• [Data]:
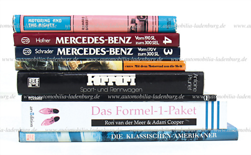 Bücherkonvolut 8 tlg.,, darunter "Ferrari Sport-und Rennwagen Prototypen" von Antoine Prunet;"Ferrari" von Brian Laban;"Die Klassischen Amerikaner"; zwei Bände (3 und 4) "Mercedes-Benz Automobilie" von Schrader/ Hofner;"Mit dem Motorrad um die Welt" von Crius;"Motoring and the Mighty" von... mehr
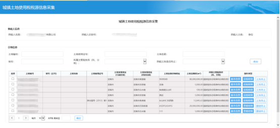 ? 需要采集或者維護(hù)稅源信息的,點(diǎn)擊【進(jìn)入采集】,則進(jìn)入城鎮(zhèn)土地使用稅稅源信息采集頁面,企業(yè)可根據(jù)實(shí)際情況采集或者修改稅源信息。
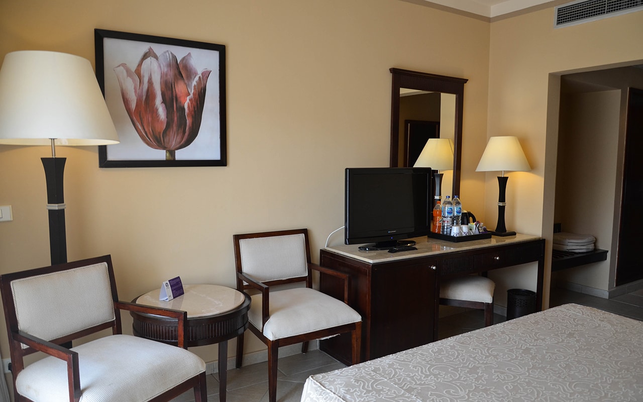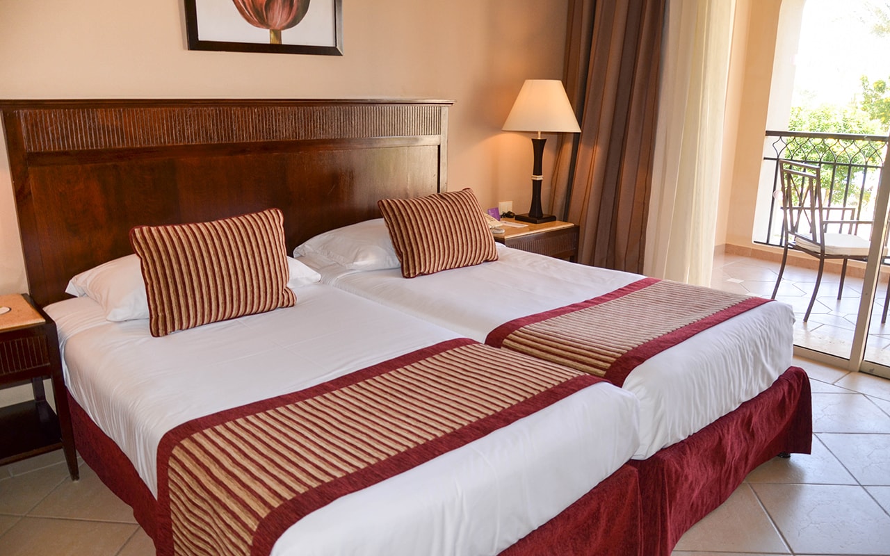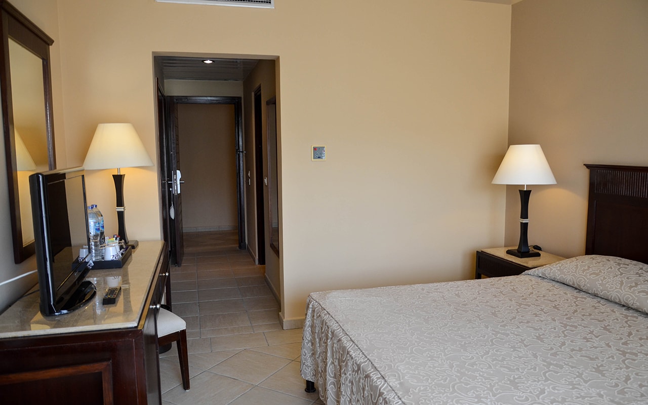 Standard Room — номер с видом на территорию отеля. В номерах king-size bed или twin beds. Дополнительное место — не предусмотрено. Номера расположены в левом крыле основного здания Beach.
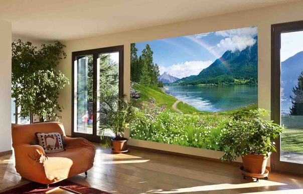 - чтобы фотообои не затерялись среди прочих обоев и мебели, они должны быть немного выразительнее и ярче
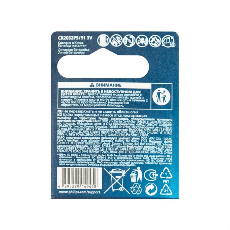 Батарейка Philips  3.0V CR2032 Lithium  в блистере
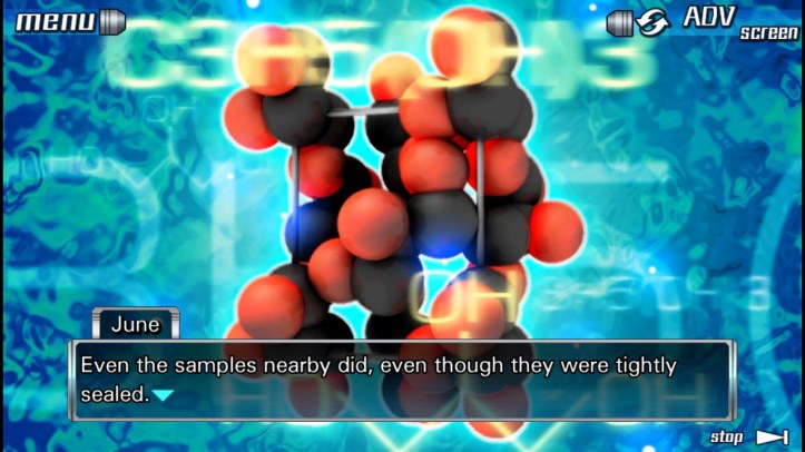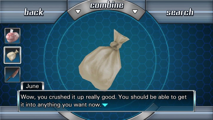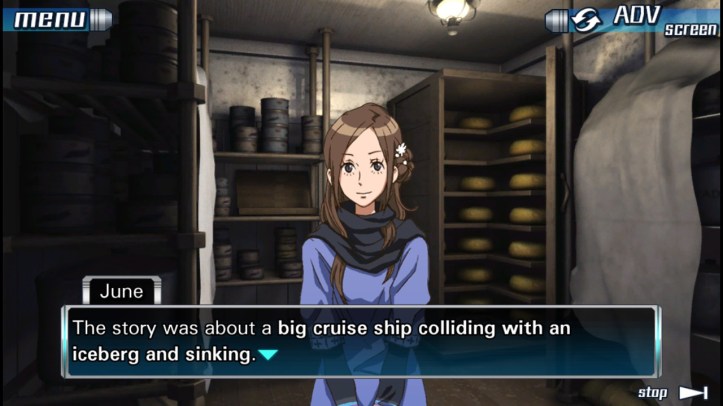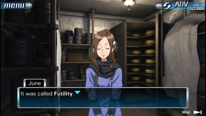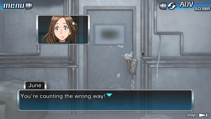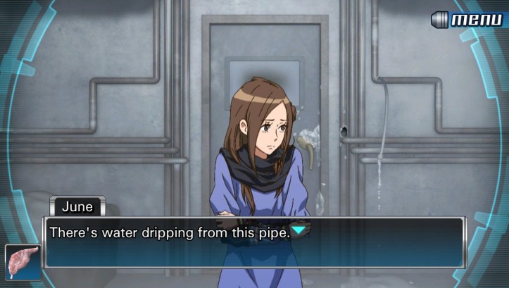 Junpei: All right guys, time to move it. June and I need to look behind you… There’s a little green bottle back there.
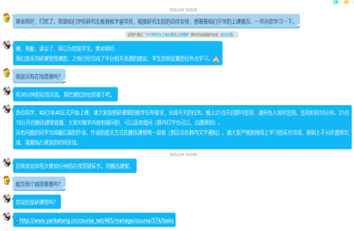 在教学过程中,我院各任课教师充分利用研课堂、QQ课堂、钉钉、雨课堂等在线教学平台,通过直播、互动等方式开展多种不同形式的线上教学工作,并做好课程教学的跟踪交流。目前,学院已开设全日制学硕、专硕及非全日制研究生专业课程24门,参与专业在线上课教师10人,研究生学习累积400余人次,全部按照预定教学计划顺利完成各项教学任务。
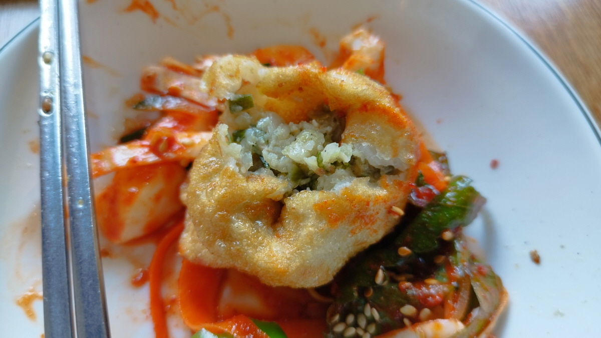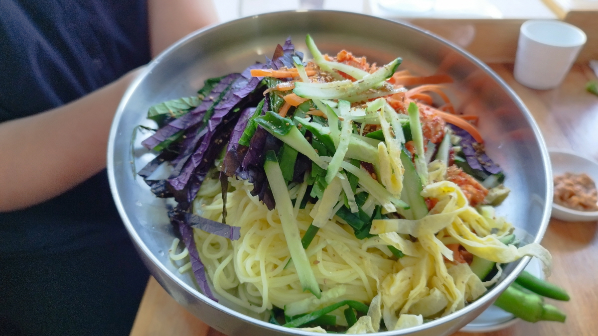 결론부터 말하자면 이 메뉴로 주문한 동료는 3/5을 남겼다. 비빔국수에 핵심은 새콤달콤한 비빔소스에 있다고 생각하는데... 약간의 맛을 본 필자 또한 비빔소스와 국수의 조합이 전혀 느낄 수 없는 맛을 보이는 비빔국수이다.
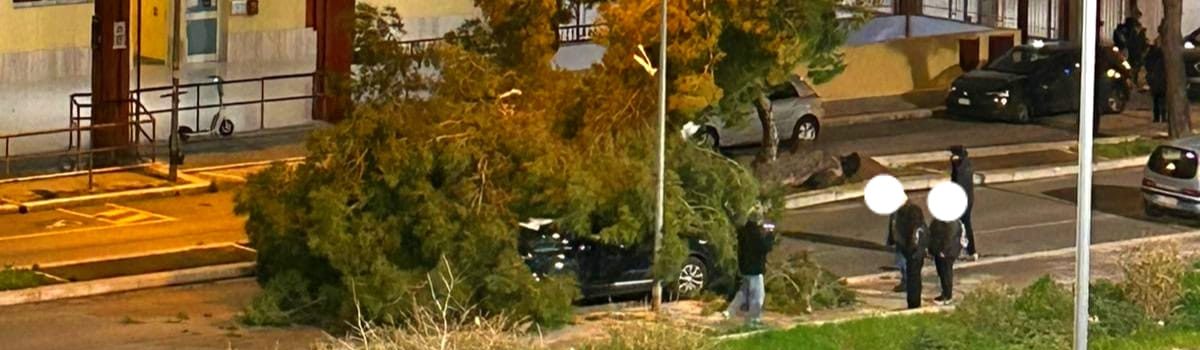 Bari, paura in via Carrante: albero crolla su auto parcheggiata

• [Task requirements]: Write out exactly, and only, the lines running from the line with "在教学过程中,我院各任课教师" to the last line above, both included, with all pictures omitted.

• [Response area]:
 在教学过程中,我院各任课教师充分利用研课堂、QQ课堂、钉钉、雨课堂等在线教学平台,通过直播、互动等方式开展多种不同形式的线上教学工作,并做好课程教学的跟踪交流。目前,学院已开设全日制学硕、专硕及非全日制研究生专业课程24门,参与专业在线上课教师10人,研究生学习累积400余人次,全部按照预定教学计划顺利完成各项教学任务。
 결론부터 말하자면 이 메뉴로 주문한 동료는 3/5을 남겼다. 비빔국수에 핵심은 새콤달콤한 비빔소스에 있다고 생각하는데... 약간의 맛을 본 필자 또한 비빔소스와 국수의 조합이 전혀 느낄 수 없는 맛을 보이는 비빔국수이다.
 Bari, paura in via Carrante: albero crolla su auto parcheggiata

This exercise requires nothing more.